During a recent drought, a water utility in a certain town sampled 100 residential water bills and found that 75 of the residences had reduced their water consumption over that of the previous year. Find a 95% confidence interval for the proportion of residences that reduced their water consumption.
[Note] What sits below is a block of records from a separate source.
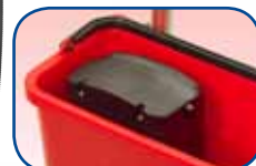
Extra batterij in de tray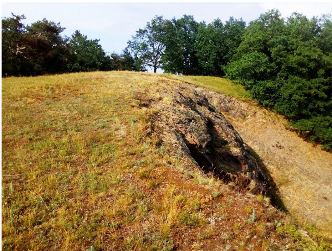
plocha 1 – step u lomu (přelom květen/červen)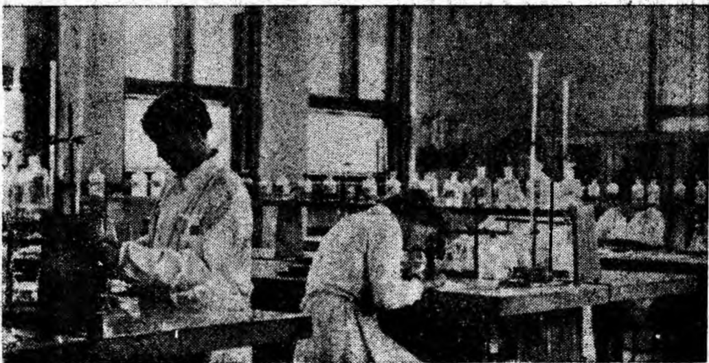
Studenti la o oră de practică în laboratorul de chimie analitică al I.M.P.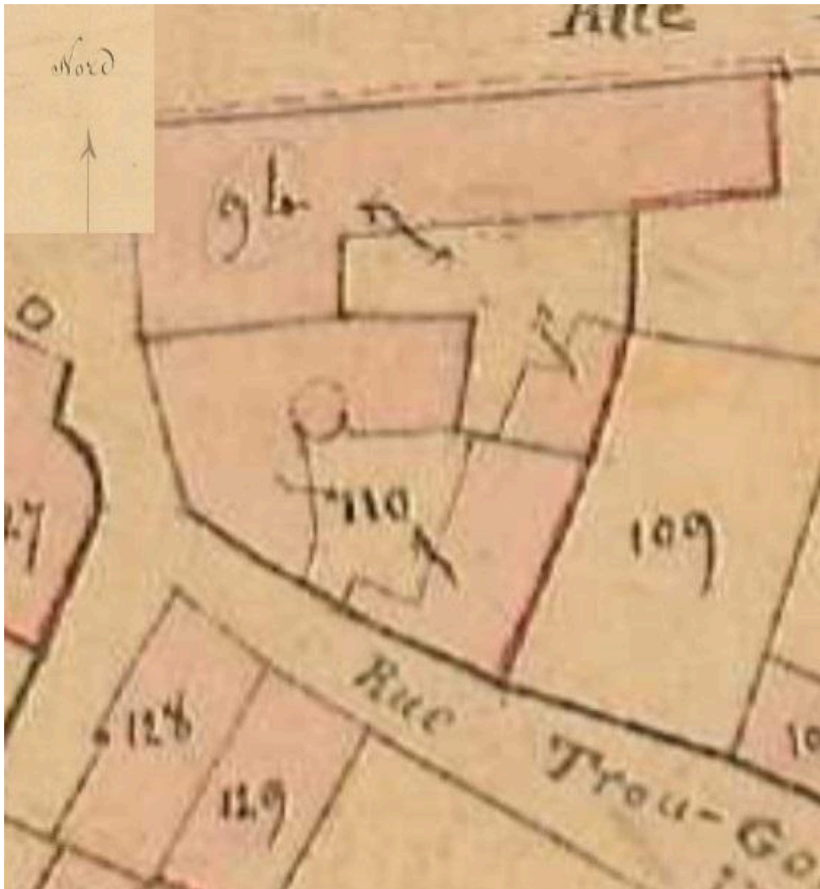
Extrait du plan cadastral dit napoléonien : AD03 : 3P3151, 1831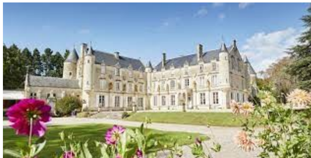
Le château de Terre-Neuve

Nous dirigerons vers Fontenay-le-Comte, notre lieu de séjour, pour y visiter le château de Terre-Neuve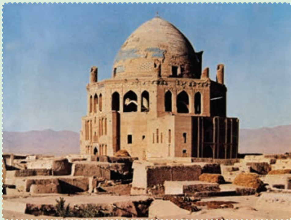
مقبره الجایتو، سلطانیه

چنگیزخان انجامید. این حادثه بهانه‌ای برای حمله به ایران بود. ۱ لشکرکشی مغولان یکی از بزرگ‌ترین راهپیمایی‌های نظامی تاریخ به‌شمار می‌رود. حدود ۲۵۰ هزار نفر از قبایل مغول، در سرمای سخت از سرزمین مغولستان در شمال چین، به فرماندهی تموچین (چنگیزخان) به سوی ایران سرازیر شدند. ۲ هدف نخستین آنها شهر اُترار بود، اما پس از قتل عام اهالی این شهر و دستگیری عاملان قتل بازرگانان، به سوی شهر بخارا و سایر ایالت‌های ایران پیشروی کردند. ۳ حمله مغول همچون طوفانی سهمگین، نه تنها طومار حکومت خوارزمشاهی را در هم پیچید، بلکه بیشتر شهرهای ایران را ویران و مظاهر تمدن باشکوه دوران اسلامی را نابود کرد. دامنه این تندباد، علاوه بر ایران، بخش‌های زیادی از جهان اسلام را نیز درنوردید. ۴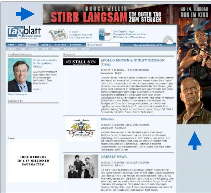
Wallpaper A (Skyscraper stösst von unten an das Maxiboard)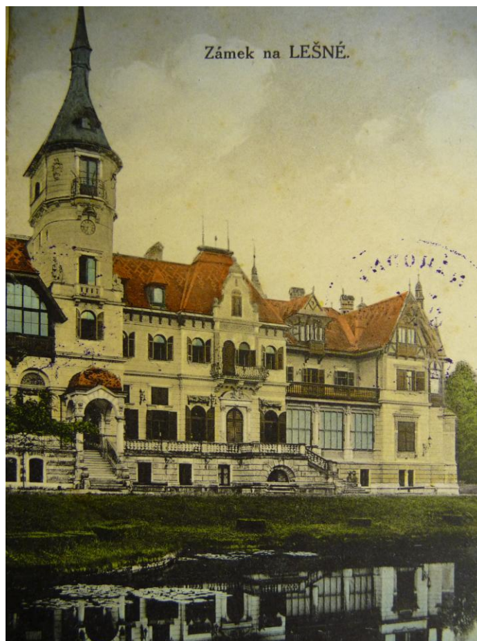
15. Dobová pohlednice zámku Lešná (pohled od jezírka).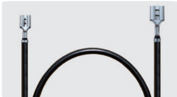
Flachhülse 6,3 : Flachhülse 4,8. Kabel 500 mm.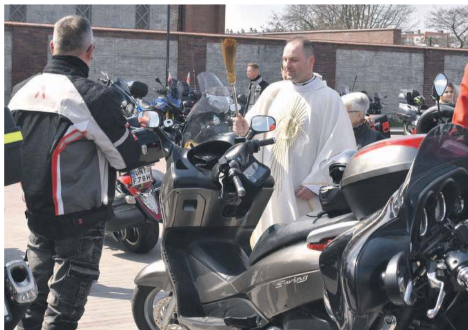
Święcenie motorów na rozpoczęcie sezonu to modlitwa o bezpieczne powroty do domu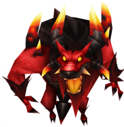
イフリート最終進化「キングイフリート」3D モデル

Round the answers to three decimal places.

Answer 1

Answer:

The 95% confidence interval for the proportion of residences that reduced their water consumption is (0.665, 0.835).

Step-by-step explanation:

In a sample with a number n of people surveyed with a probability of a success of $\pi$, and a confidence level of $1-\alpha$, we have the following confidence interval of proportions.

$\pi \pm z\sqrt{\frac{\pi(1-\pi)}{n}}$

In which

z is the zscore that has a pvalue of $1 - \frac{\alpha}{2}$.
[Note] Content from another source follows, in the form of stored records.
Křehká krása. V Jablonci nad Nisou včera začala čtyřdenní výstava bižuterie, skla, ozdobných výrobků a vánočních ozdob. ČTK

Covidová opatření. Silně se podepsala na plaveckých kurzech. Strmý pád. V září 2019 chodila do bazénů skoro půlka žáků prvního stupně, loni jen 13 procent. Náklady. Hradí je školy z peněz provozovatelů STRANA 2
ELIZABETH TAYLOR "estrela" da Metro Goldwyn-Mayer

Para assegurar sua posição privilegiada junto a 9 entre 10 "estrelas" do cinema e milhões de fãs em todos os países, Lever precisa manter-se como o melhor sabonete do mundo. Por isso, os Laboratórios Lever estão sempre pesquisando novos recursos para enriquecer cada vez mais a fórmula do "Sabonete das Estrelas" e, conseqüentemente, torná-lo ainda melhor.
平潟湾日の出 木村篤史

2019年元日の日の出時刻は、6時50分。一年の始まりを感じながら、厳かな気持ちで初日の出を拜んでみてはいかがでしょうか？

Sampled 100 residential water bills and found that 75 of the residences had reduced their water consumption over that of the previous year.
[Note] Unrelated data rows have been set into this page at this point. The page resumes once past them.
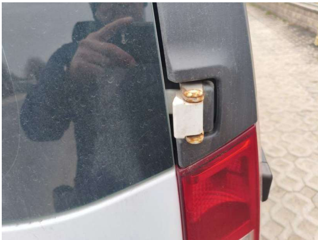
Fot. 53 Zamek pokrywy tył() - Inne 3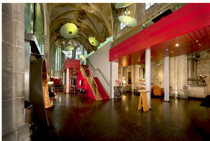
Fig. 1. Kruissherenhotel, Maastricht. Vista della navata centrale dell’ex chiesa della S. Croce (XV sec.).

Esiste quindi una molteplicità di usi, variabili nel tempo, storicamente leggibili e attuabili attraverso la sensibilità contemporanea con un atto di riflessione che non può – e non deve – restituire ciò che un tempo è stato, ma che può dare un nuovo senso al modo attuale di percepire il passato. Le architetture del passato, s’inseriscono nella realtà contemporanea attraverso le nuove attività svolte al loro interno, suggerendo a chi ne fruisce, scenari e immagini appartenenti a contesti sociali e culturali del passato; in essi, certamente, la ‘forma’ non coincide con il ‘contenuto’, ma è proprio questo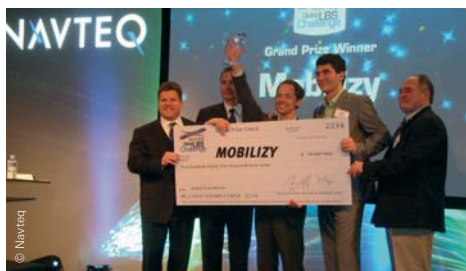
Preisregen in Barcelona: Mobilizy gewinnt bei der Navteq-Challenge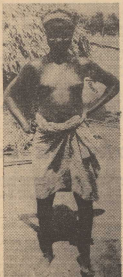
Dahomejska piękność.

W GENEWIE rozpoczęła się wczoraj czwarta runda rokowań między przedstawicielami organizacji zrzeszającej państwa eksportujące ropę naftową (OPEC) i reprezentantami zachodnich koncernów naftowych. Państwa OPEC domagają się 11,1 procentowej podwyżki cen ropy naftowej w związku z dewaluacją dolara.

This means that $n = 100, \pi = \frac{75}{100} = 0.75$

95% confidence level

So $\alpha = 0.05$, z is the value of Z that has a pvalue of $1 - \frac{0.05}{2} = 0.975$, so $Z = 1.96$.

The lower limit of this interval is:

$\pi - z\sqrt{\frac{\pi(1-\pi)}{n}} = 0.75 - 1.96\sqrt{\frac{0.75*0.25}{100}} = 0.665$

The upper limit of this interval is:

$\pi + z\sqrt{\frac{\pi(1-\pi)}{n}} = 0.75 + 1.96\sqrt{\frac{0.75*0.25}{100}} = 0.835$

The 95% confidence interval for the proportion of residences that reduced their water consumption is (0.665, 0.835).